- _WHAT IS EXPECTED_:
Print all the data that follows exactly, images excluded.

BEGIN RECORDED DATA

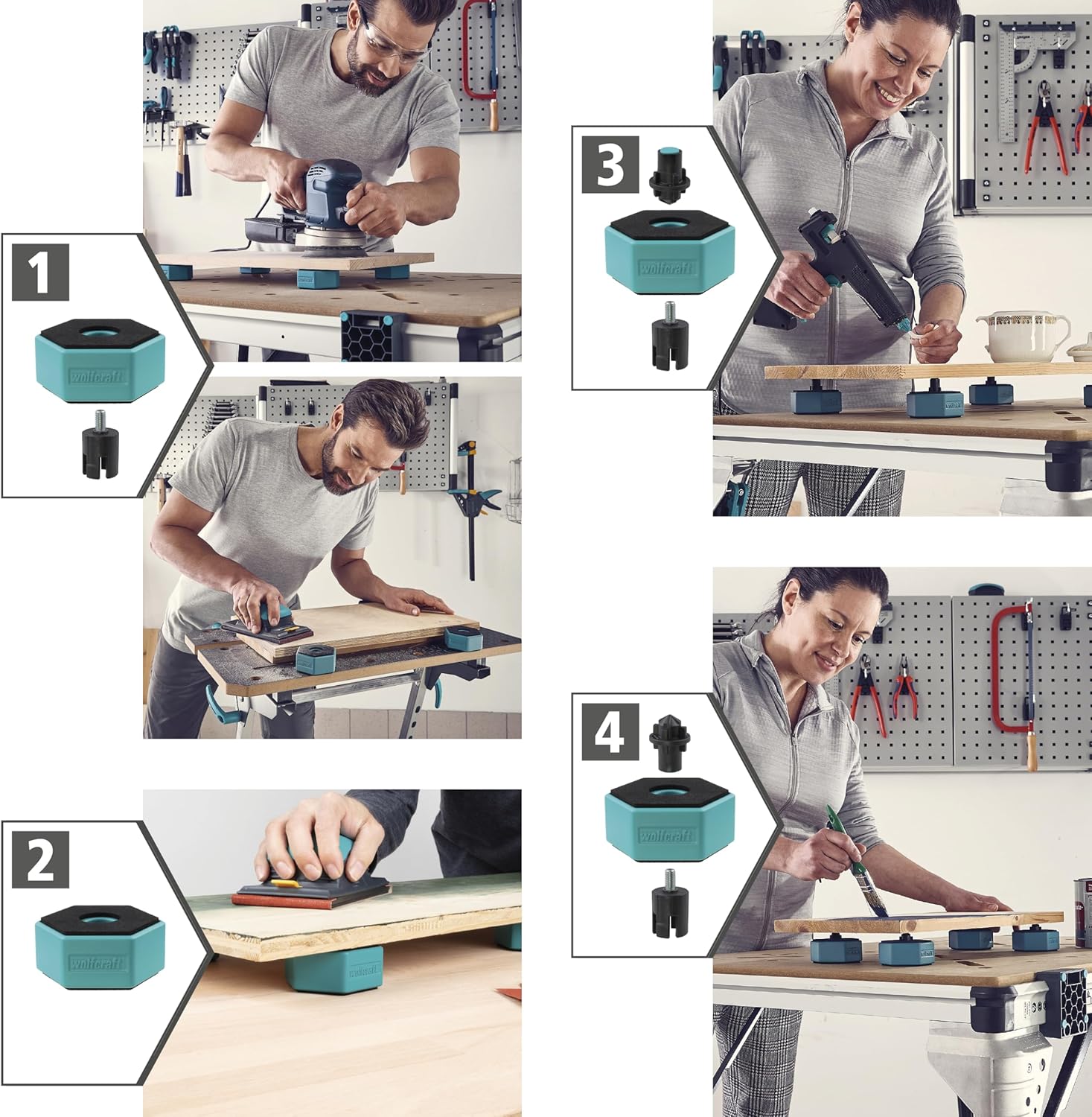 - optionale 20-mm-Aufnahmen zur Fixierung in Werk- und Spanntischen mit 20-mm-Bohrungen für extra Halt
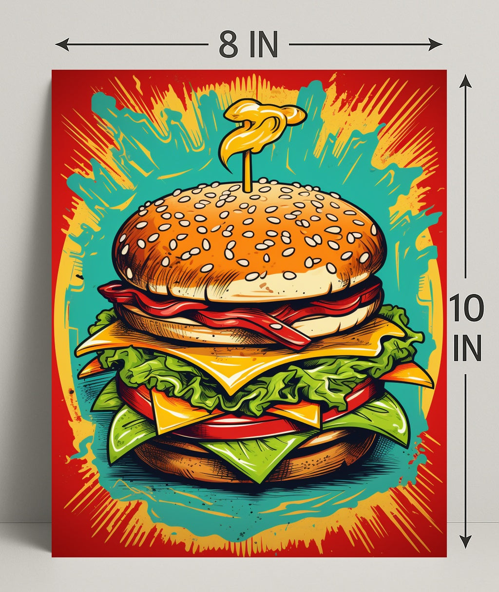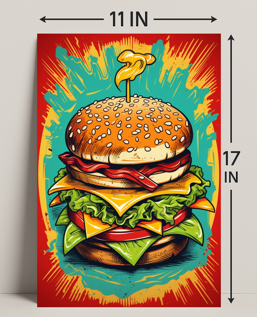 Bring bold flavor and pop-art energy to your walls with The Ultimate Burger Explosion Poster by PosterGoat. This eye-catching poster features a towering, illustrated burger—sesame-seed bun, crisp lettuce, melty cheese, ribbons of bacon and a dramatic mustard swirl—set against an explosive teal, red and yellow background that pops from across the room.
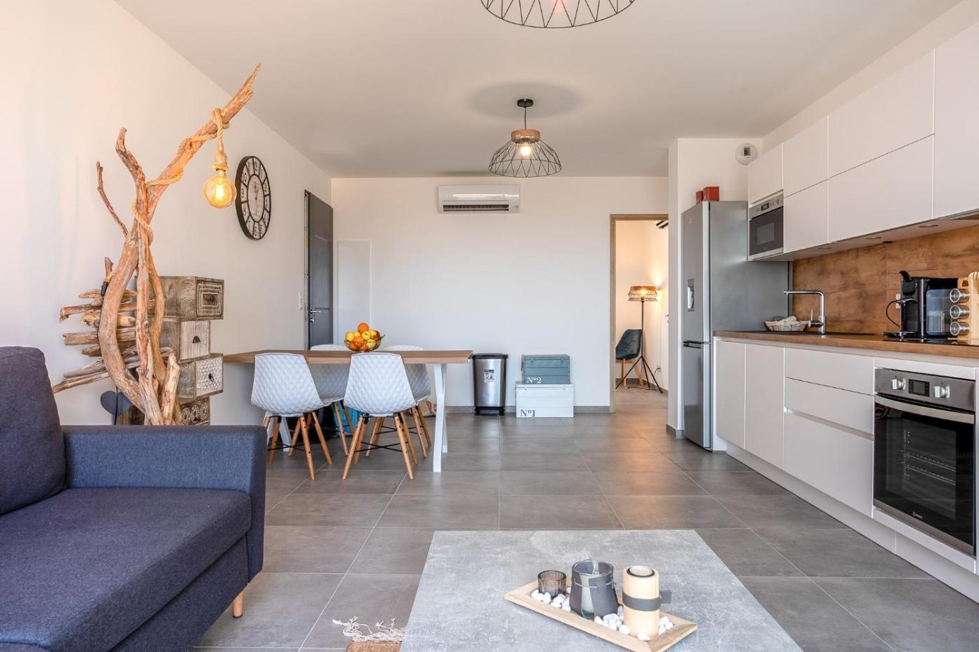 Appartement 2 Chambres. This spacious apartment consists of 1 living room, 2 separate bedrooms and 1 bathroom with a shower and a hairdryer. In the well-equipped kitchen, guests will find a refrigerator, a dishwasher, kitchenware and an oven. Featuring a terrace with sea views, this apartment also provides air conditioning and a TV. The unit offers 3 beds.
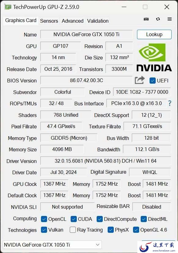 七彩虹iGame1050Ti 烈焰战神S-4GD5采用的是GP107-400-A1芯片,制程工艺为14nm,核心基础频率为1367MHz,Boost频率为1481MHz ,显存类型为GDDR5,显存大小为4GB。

END RECORDED DATA

- _YOUR RESPONSE_:
 - optionale 20-mm-Aufnahmen zur Fixierung in Werk- und Spanntischen mit 20-mm-Bohrungen für extra Halt
 Bring bold flavor and pop-art energy to your walls with The Ultimate Burger Explosion Poster by PosterGoat. This eye-catching poster features a towering, illustrated burger—sesame-seed bun, crisp lettuce, melty cheese, ribbons of bacon and a dramatic mustard swirl—set against an explosive teal, red and yellow background that pops from across the room.
 Appartement 2 Chambres. This spacious apartment consists of 1 living room, 2 separate bedrooms and 1 bathroom with a shower and a hairdryer. In the well-equipped kitchen, guests will find a refrigerator, a dishwasher, kitchenware and an oven. Featuring a terrace with sea views, this apartment also provides air conditioning and a TV. The unit offers 3 beds.
 七彩虹iGame1050Ti 烈焰战神S-4GD5采用的是GP107-400-A1芯片,制程工艺为14nm,核心基础频率为1367MHz,Boost频率为1481MHz ,显存类型为GDDR5,显存大小为4GB。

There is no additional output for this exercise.